EXERCISE DETAILS —
From the first line to the last, copy the material exactly and leave the pictures out.

EXERCISE DATA —
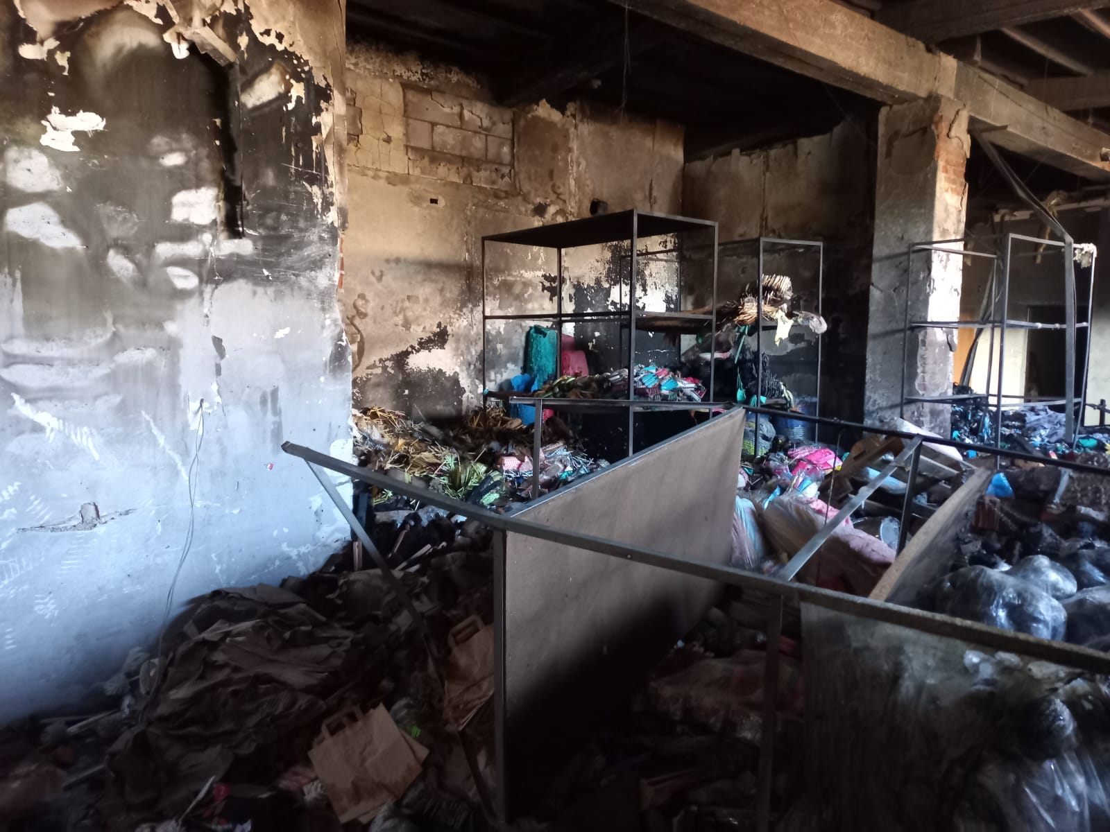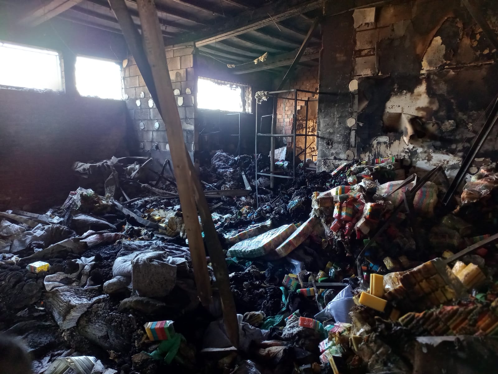 Po przygaszeniu wnętrza i oddymieniu pomieszczeń przystąpiono do ewakuacji mienia. Nadpalone artykuły gospodarstwa domowego i baloty makulatury dogaszono prądami wody.
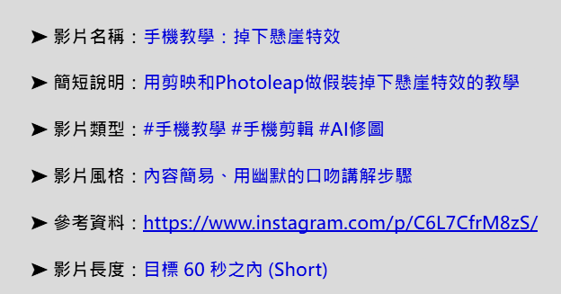 通常在規劃一支影片時可以先將影片的定位、用途列出來,
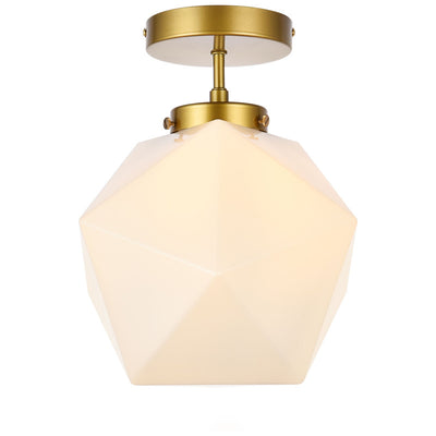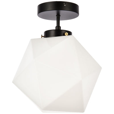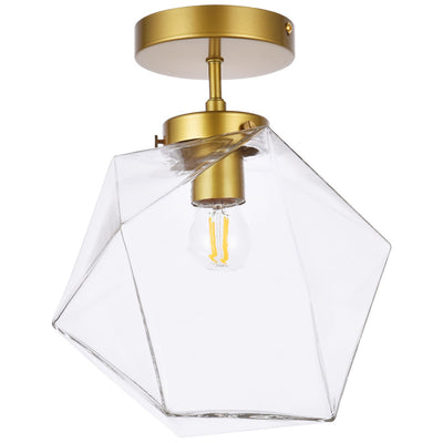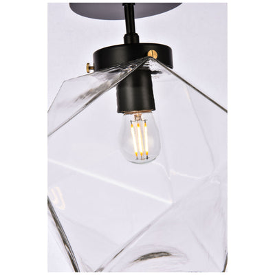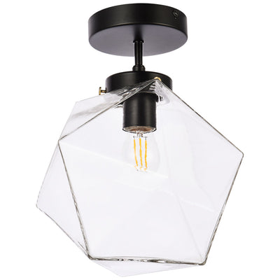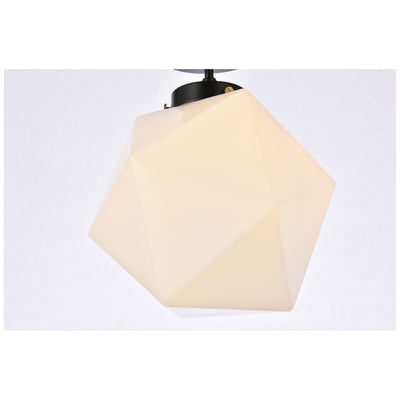 The Lawrence Collection ceiling lamp is the perfect choice if you are looking to add visual interest with functional illumination into the room. The beauty lies in its unique shape and colors. It is available in black, brass, or chrome finish with either a clear or white glass shade. This product is dimmable and requires one E26 lamp. Light bulbs not included.

RESULT —
 Po przygaszeniu wnętrza i oddymieniu pomieszczeń przystąpiono do ewakuacji mienia. Nadpalone artykuły gospodarstwa domowego i baloty makulatury dogaszono prądami wody.
 通常在規劃一支影片時可以先將影片的定位、用途列出來,
 The Lawrence Collection ceiling lamp is the perfect choice if you are looking to add visual interest with functional illumination into the room. The beauty lies in its unique shape and colors. It is available in black, brass, or chrome finish with either a clear or white glass shade. This product is dimmable and requires one E26 lamp. Light bulbs not included.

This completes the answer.